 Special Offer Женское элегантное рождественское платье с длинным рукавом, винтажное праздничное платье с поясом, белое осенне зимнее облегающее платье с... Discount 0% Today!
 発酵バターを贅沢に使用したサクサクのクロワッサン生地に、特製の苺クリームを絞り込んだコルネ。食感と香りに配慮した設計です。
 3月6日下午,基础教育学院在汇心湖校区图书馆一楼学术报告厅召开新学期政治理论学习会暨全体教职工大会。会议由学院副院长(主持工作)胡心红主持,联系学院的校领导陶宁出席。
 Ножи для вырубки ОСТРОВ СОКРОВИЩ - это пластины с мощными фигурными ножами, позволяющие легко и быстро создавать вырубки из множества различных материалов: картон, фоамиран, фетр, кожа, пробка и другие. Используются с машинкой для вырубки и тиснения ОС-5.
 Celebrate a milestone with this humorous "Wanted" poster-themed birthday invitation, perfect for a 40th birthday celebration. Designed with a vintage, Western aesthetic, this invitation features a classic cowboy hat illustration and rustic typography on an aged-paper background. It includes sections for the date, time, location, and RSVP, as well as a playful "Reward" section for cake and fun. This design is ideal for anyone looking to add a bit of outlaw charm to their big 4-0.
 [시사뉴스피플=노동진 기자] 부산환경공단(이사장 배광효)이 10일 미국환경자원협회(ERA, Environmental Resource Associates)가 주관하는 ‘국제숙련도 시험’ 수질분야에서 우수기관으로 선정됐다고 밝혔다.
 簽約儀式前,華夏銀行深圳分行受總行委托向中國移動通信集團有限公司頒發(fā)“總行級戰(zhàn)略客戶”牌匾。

* * *

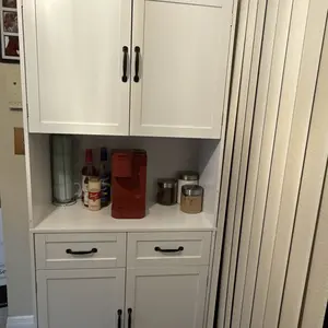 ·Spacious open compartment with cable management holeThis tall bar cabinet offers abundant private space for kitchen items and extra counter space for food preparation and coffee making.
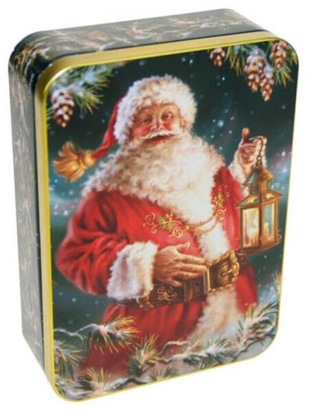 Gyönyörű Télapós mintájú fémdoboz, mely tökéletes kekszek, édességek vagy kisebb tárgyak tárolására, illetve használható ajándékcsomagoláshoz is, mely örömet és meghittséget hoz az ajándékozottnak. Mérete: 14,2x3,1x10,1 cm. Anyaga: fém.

...

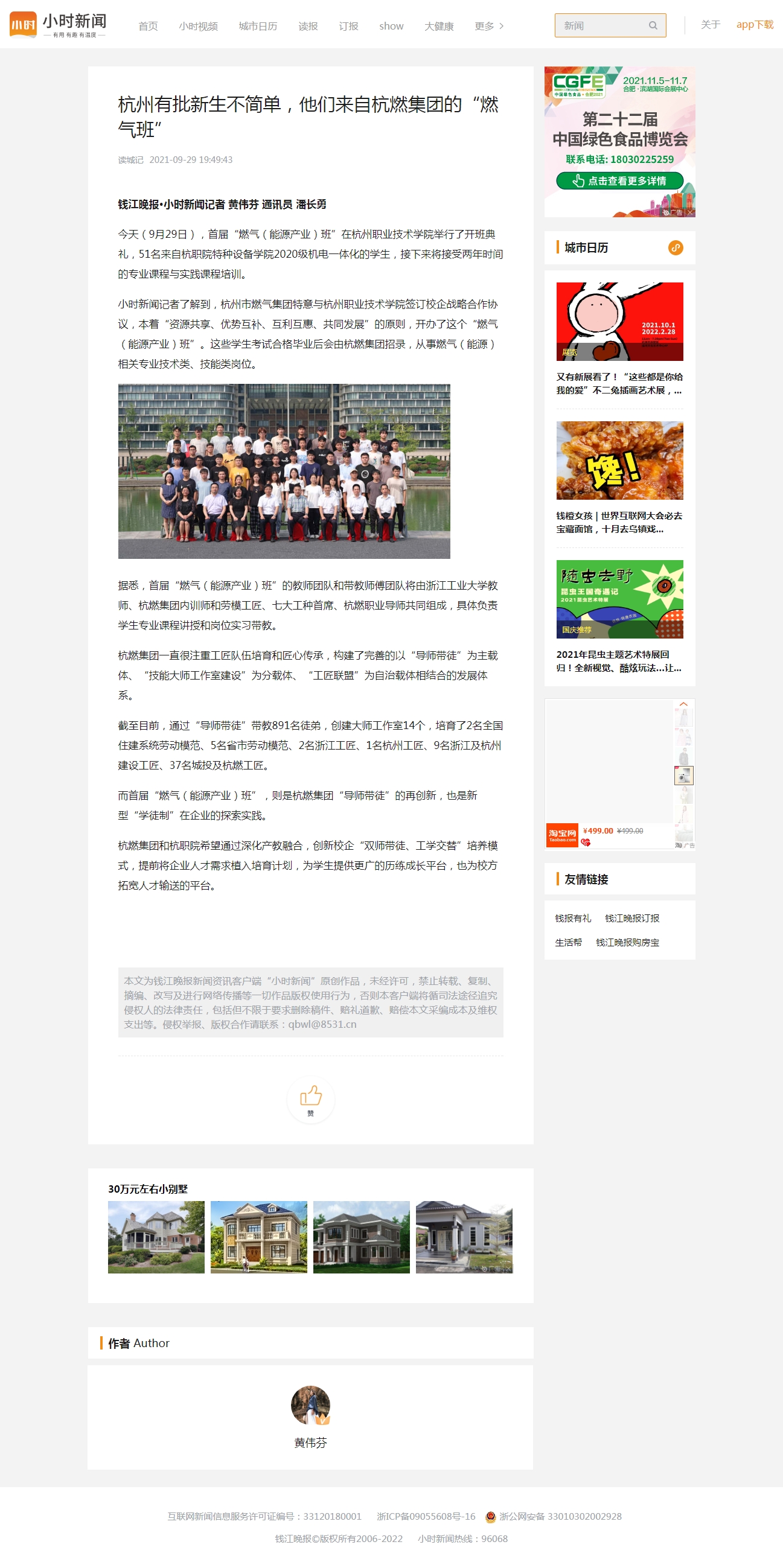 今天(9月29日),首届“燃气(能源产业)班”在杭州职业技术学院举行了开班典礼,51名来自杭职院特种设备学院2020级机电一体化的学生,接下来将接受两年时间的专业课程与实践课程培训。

-- The task --
Retype, in the same exact form, the lines of the material above from the line holding "発酵バターを贅沢に使用したサ" through the line holding "3月6日下午,基础教育学院在".

-- Completed task --
 発酵バターを贅沢に使用したサクサクのクロワッサン生地に、特製の苺クリームを絞り込んだコルネ。食感と香りに配慮した設計です。
 3月6日下午,基础教育学院在汇心湖校区图书馆一楼学术报告厅召开新学期政治理论学习会暨全体教职工大会。会议由学院副院长(主持工作)胡心红主持,联系学院的校领导陶宁出席。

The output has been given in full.